Optimal error estimates of Galerkin finite element methods for stochastic Allen-Cahn equation with additive noise

TL;DR

This paper develops a novel error analysis approach for finite element methods solving the stochastic Allen-Cahn equation with additive noise, achieving optimal convergence rates without high regularity assumptions.

Contribution

It introduces an original error decomposition method that handles non-globally Lipschitz nonlinearities, establishing convergence rates for semi-discrete and fully discrete schemes in multiple dimensions.

Findings

Convergence rate of order O(h^γ) in space and O(τ^{γ/2}) in time under noise regularity conditions.

Classical convergence rate of O(h^2 + τ) achieved when noise regularity condition with γ=2 holds.

Numerical experiments validate the theoretical error estimates.

Abstract

Strong approximation errors of both finite element semi-discretization and spatio-temporal full discretization are analyzed for the stochastic Allen-Cahn equation driven by additive noise in space dimension $d \leq 3$. The full discretization is realized by combining the standard finite element method with the backward Euler time-stepping scheme. Distinct from the globally Lipschitz setting, the error analysis becomes rather challenging and demanding, due to the presence of the cubic nonlinearity in the underlying model. By introducing two auxiliary approximation processes, we propose an appropriate decomposition of the considered error terms and introduce a novel approach of error analysis, to successfully recover the convergence rates of the numerical schemes. The approach is original and does not rely on high-order spatial regularity properties of the approximation processes.

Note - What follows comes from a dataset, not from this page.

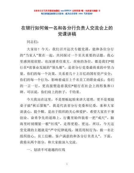 / 在银行如何做一名和各分行负责人交流会上的党课讲稿

It is shown that the fully discrete scheme possesses convergence rates of order $ O(h^{\gamma} ) $ in space and order $ O( \tau^{ \frac{\gamma}{2} } )$ in time, subject to the spatial correlation of the noise process, characterized by $ \|A^{\frac{\gamma-1}2}Q^{\frac12}\|_{\mathcal{L}_2}<\infty, \, \gamma \in[\frac d3,2] $, $ d\in\{1,2,3\}$. In particular, a classical convergence rate of order $O(h^2 +\tau)$ is reachable, even in multiple space dimensions, when the aforementioned condition is fulfilled with $ \gamma = 2 $. Numerical examples confirm the previous findings.